We are running into a problem where slurmctld is segfaulting a few times a day. We had this problem with SLURM 23.11.8 and now with 23.11.10 as well, though the problem only appears on one of the several SLURM clusters we have, and all of them use one of those versions of SLURM. I was wondering if anyone has encountered a similar issue and has any thoughts on how to prevent this.
Obviously we use "SchedulerType=sched/backfill" but strangely when I switched to sched/builtin for a while there were still slurmctld segfaults. We also set "SchedulerParameters=enable_user_top,bf_max_job_test=2000". I have tried turning those off but it did not help. I have also tried tweaking several other settings to no avail. Most of the cluster runs Rocky Linux 8.10 (including the slurmctld system) though we still have some Scientific Linux 7.9 compute nodes (we compile SLURM separately for those).
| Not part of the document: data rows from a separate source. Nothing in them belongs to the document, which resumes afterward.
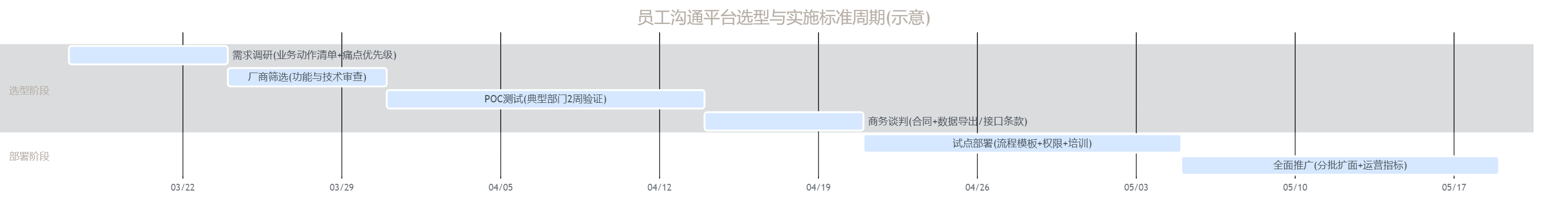 图表3:选型与实施标准周期(甘特图示意)
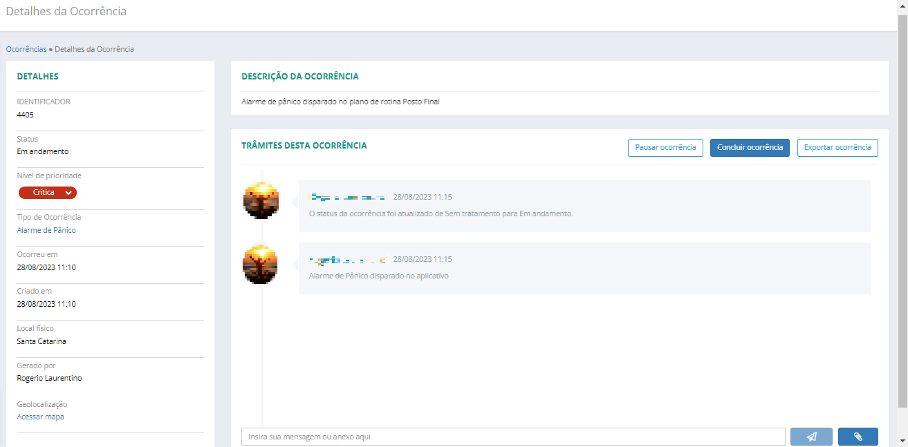 - Acessar os detalhes de uma ocorrência específica : clique sobre a ocorrência e ela será aberta em uma nova tela. A partir disso, ela poderá inclusive ser tratada ;
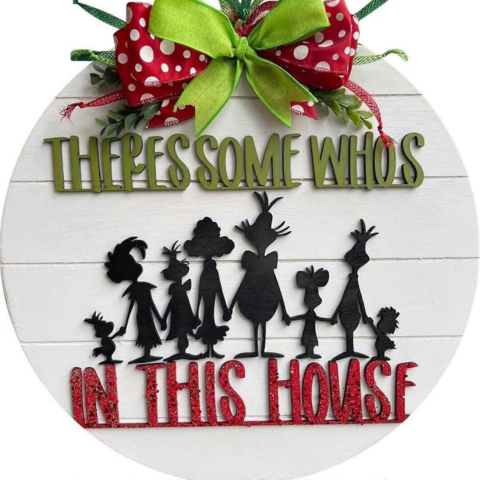 100% NEW Christmas Wreaths Decor Sign Front Door, Round Wood Hanging Sign Porch Decorations
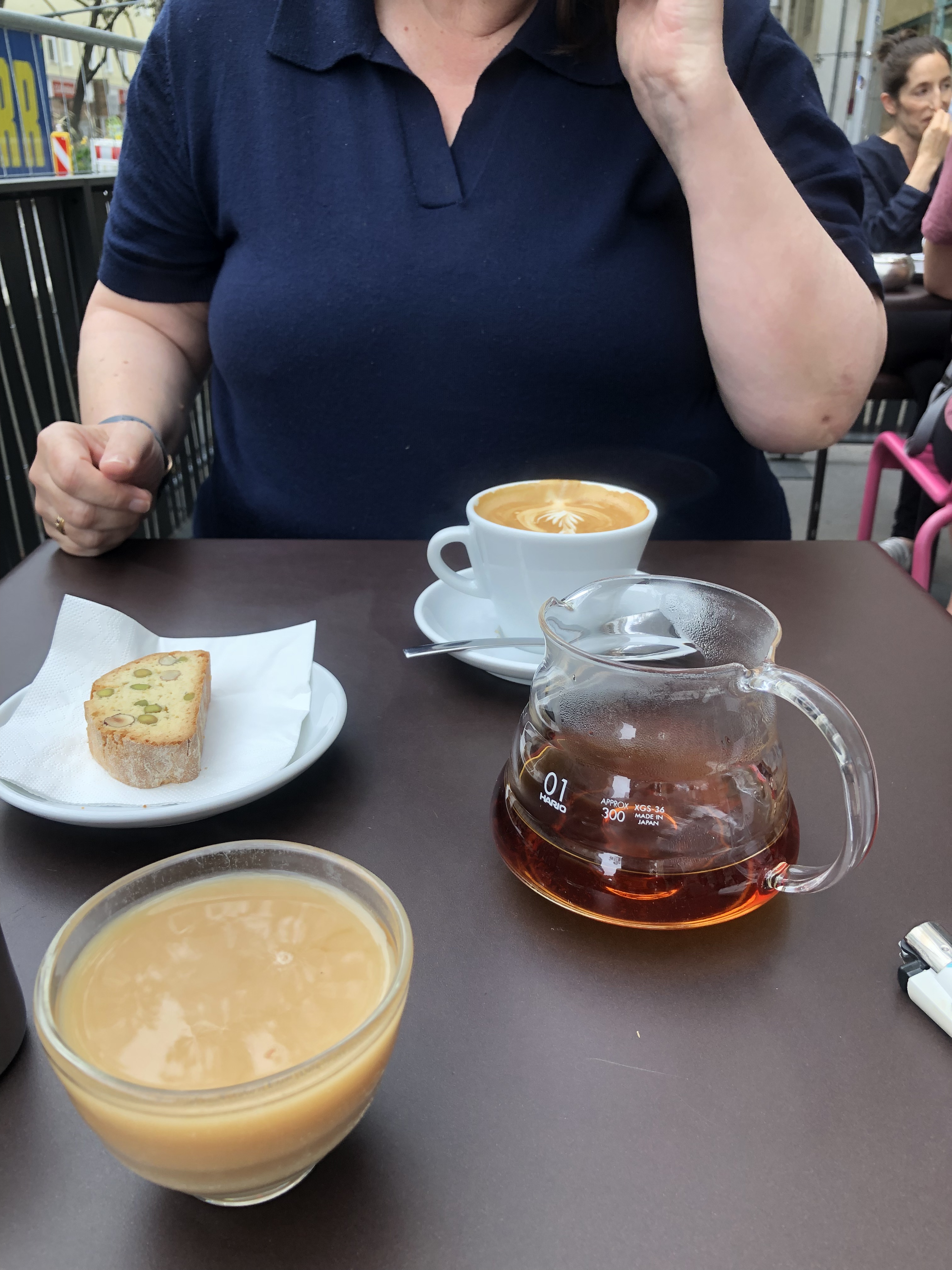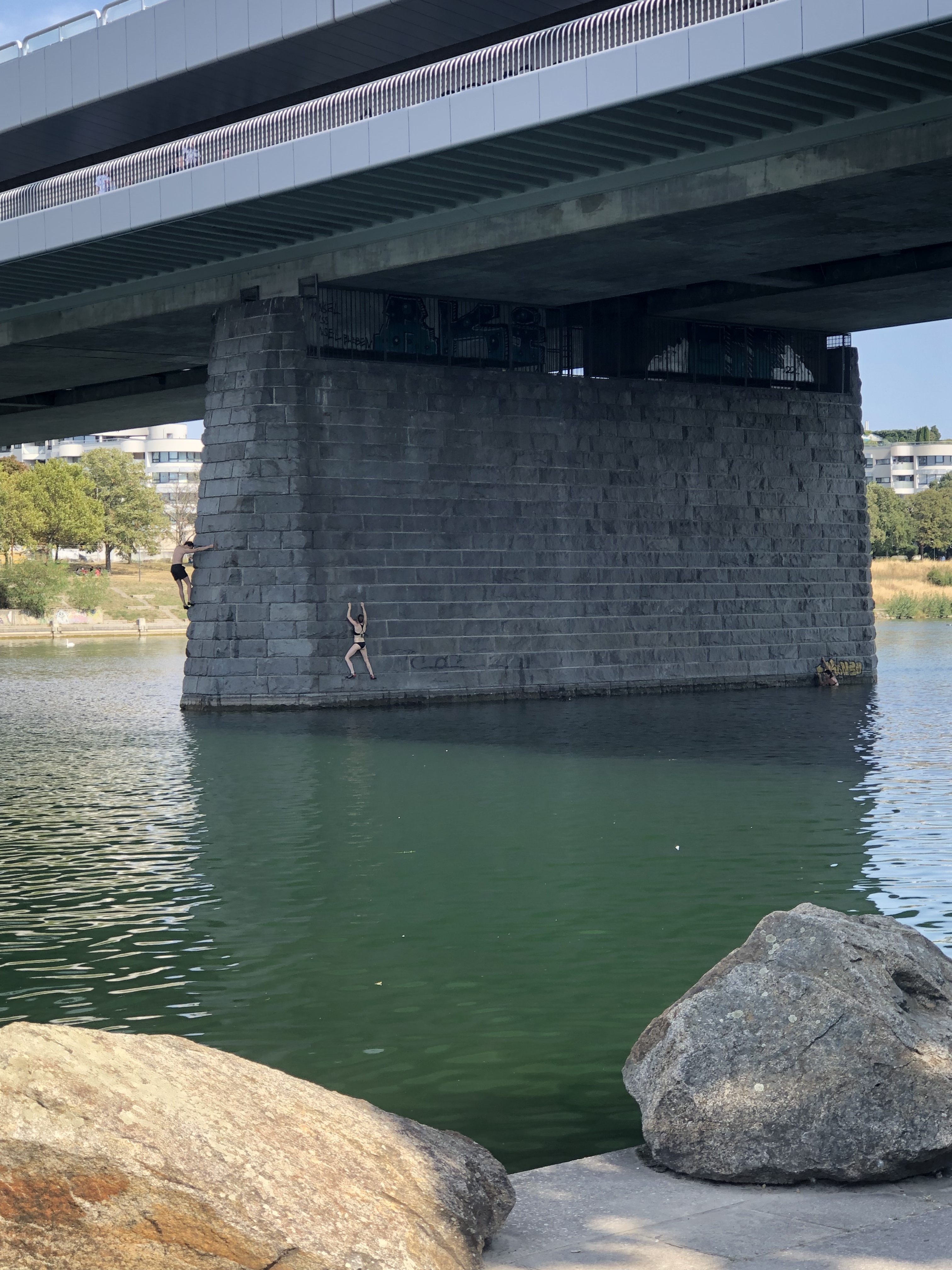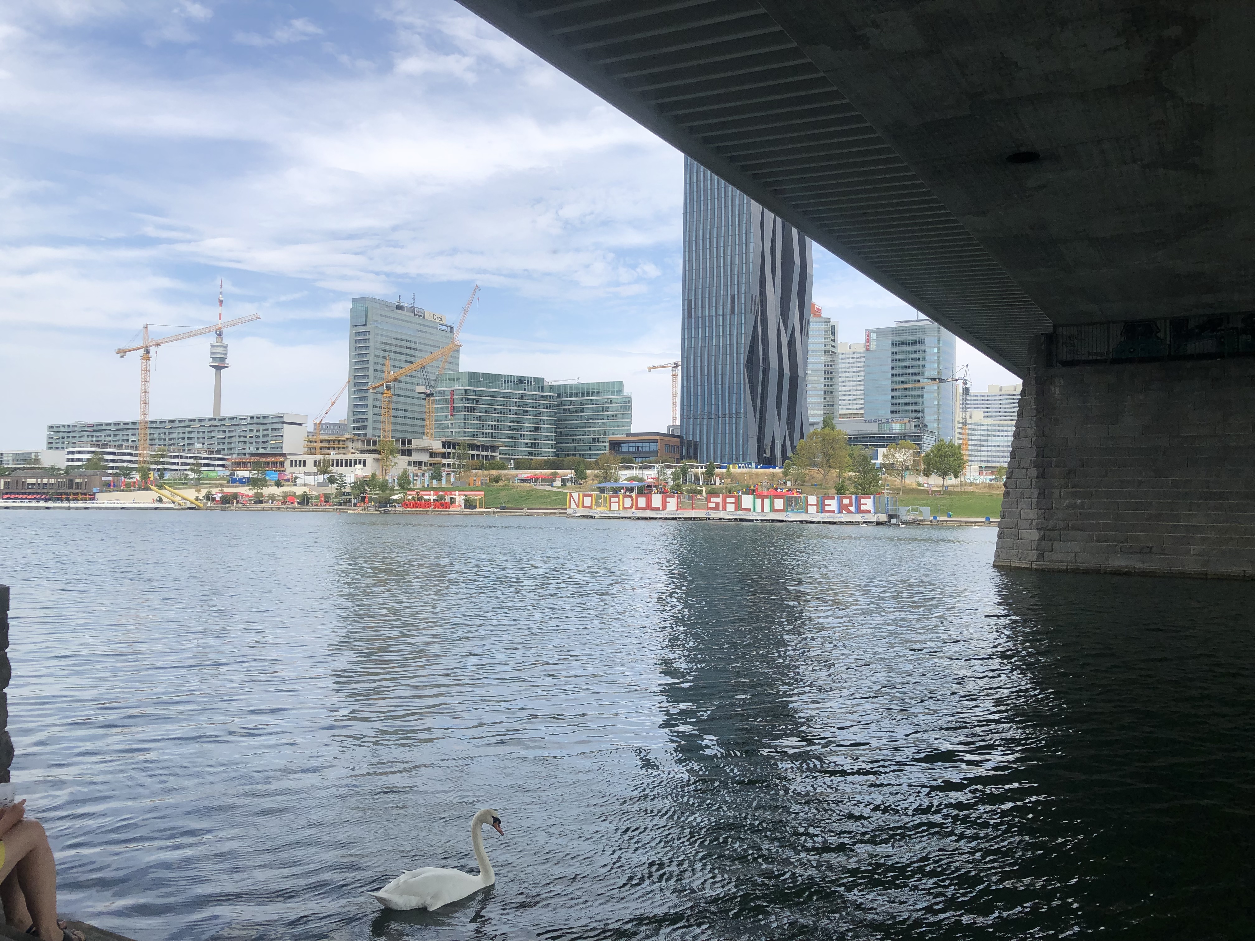 Our first destination was breakfast at Cafe Aida at the other end of Praterstrasse. They now do vegan cakes and coffees, as well as normal stuff. Next was time for a swim in the Danube off Donauinsel, followed by watching other swimmers trying to climb the bridge pillars.
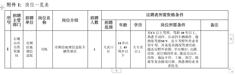 石嘴山市自然资源局公开招录聘用制工作人员计划招聘1人,具体岗位和要求详见《岗位一览表 》(附件1)。
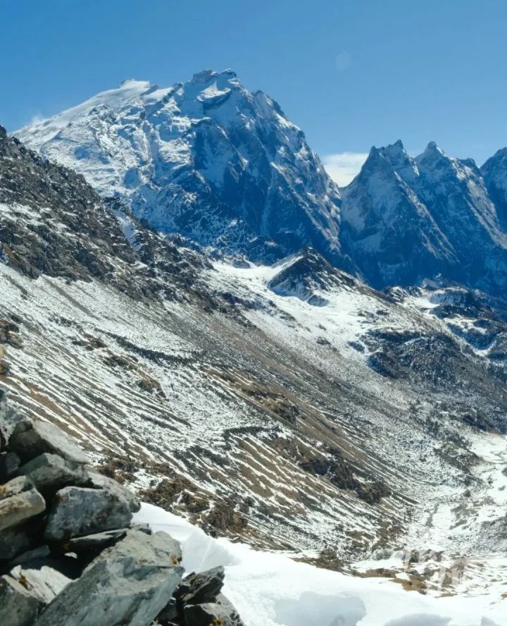 雪山上的雪特別厚,基本上每個埡口的雪都沒到腰,最淺的也超過膝蓋。
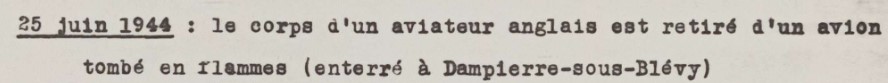 - Le navigateur Harold BASTABLE atterrit près d'Emancé (à l'Est de Maintenon) mais se blesse (cheville cassée). Il fut recueillit par un jardinier chez qui il resta durant 15 jours. Il fut ensuite mis en contact avec la résistance locale qui le cacha en différents endroits jusqu'au 14 juillet, dont Michel BLAISE. Le Réseau d'évasion Picourt le prit à son tour en charge et le transporta à Paris où il fut caché dans un appartement durant une nuit. Il fut finalement arrêté par
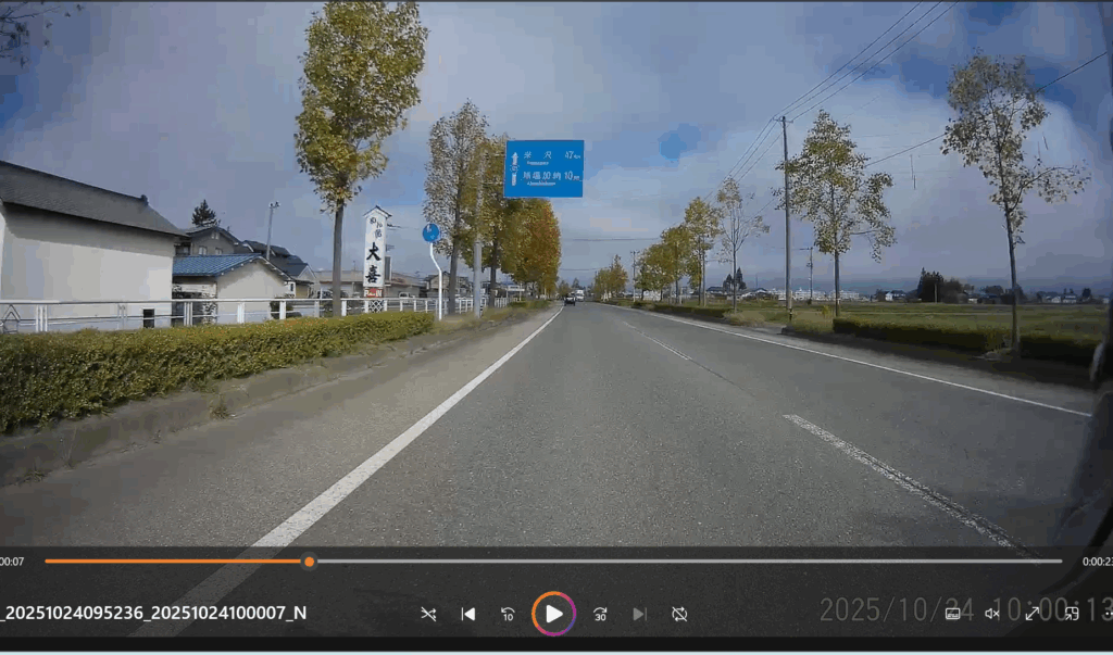 米沢への一般道は街路樹の紅葉が始まり、その左右には田畑が広がっています。 身体を吹き抜ける風も心地よくて、バイクツーリングに最高なコンディションです。一般道を走る醍醐味ですね。
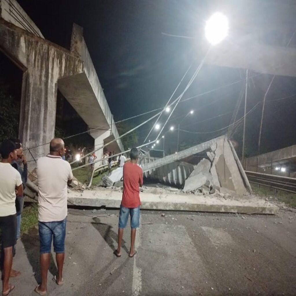 Caminhão colide e derruba parte de passarela em Conceição do Jacuípe
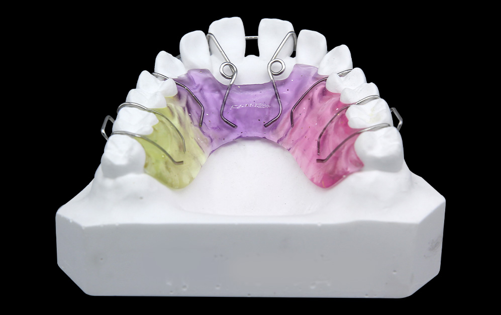 由两部分核心构成:①唇弓主体:横跨前牙区的弧形金属丝,提供基础支撑力;②手指簧单元:从唇弓延伸出的细密弹簧丝(形似弯曲手指),可针对单颗或相邻前牙施加推、拉、旋转等特定方向的轻力。

Here is the crash-time error from journalctl:
Oct 02 06:31:20 our.host.name kernel: sched_agent[2048355]: segfault at 8 ip 00007fec755d7ea8 sp 00007fec6bffe7e8 error 4 in libslurmfull.so[7fec7555a000+1f4000] Oct 02 06:31:20 our.host.name kernel: Code: 48 39 c1 7e 19 48 c1 f8 06 ba 01 00 00 00 48 d3 e2 48 f7 da 48 0b 54 c6 10 48 21 54 c7 10 c3 b8 00 00 00 00 eb da 48 8b 4f 08 <48> 39 4e 08 48 0f 4e 4e 08 49 89 c9 48 83 f9 3f 76 4e ba 40 00 00 Oct 02 06:31:20 our.host.name systemd[1]: Started Process Core Dump (PID 2169426/UID 0). Oct 02 06:31:20 our.host.name systemd-coredump[2169427]: Process 2048344 ( slurmctld) of user 991 dumped core.
This is followed by a list of each of the dozen or so related threads. The one which is dumping core is first and looks like this:
Stack trace of thread 2048355: #0 0x00007fec755d7ea8 bit_and_not (libslurmfull.so) #1 0x000000000044531f _job_alloc (slurmctld) #2 0x000000000044576b _job_alloc_whole_node_internal (slurmctld) #3 0x0000000000446e6d gres_ctld_job_alloc_whole_node (slurmctld) #4 0x00007fec722e29b8 job_res_add_job (select_cons_tres.so) #5 0x00007fec722f7c32 select_p_select_nodeinfo_set (select_cons_tres.so) #6 0x00007fec756e7dc7 select_g_select_nodeinfo_set (libslurmfull.so) #7 0x0000000000496eb3 select_nodes (slurmctld) #8 0x0000000000480826 _schedule (slurmctld) #9 0x00007fec753421ca start_thread (libpthread.so.0) #10 0x00007fec745f78d3 __clone (libc.so.6)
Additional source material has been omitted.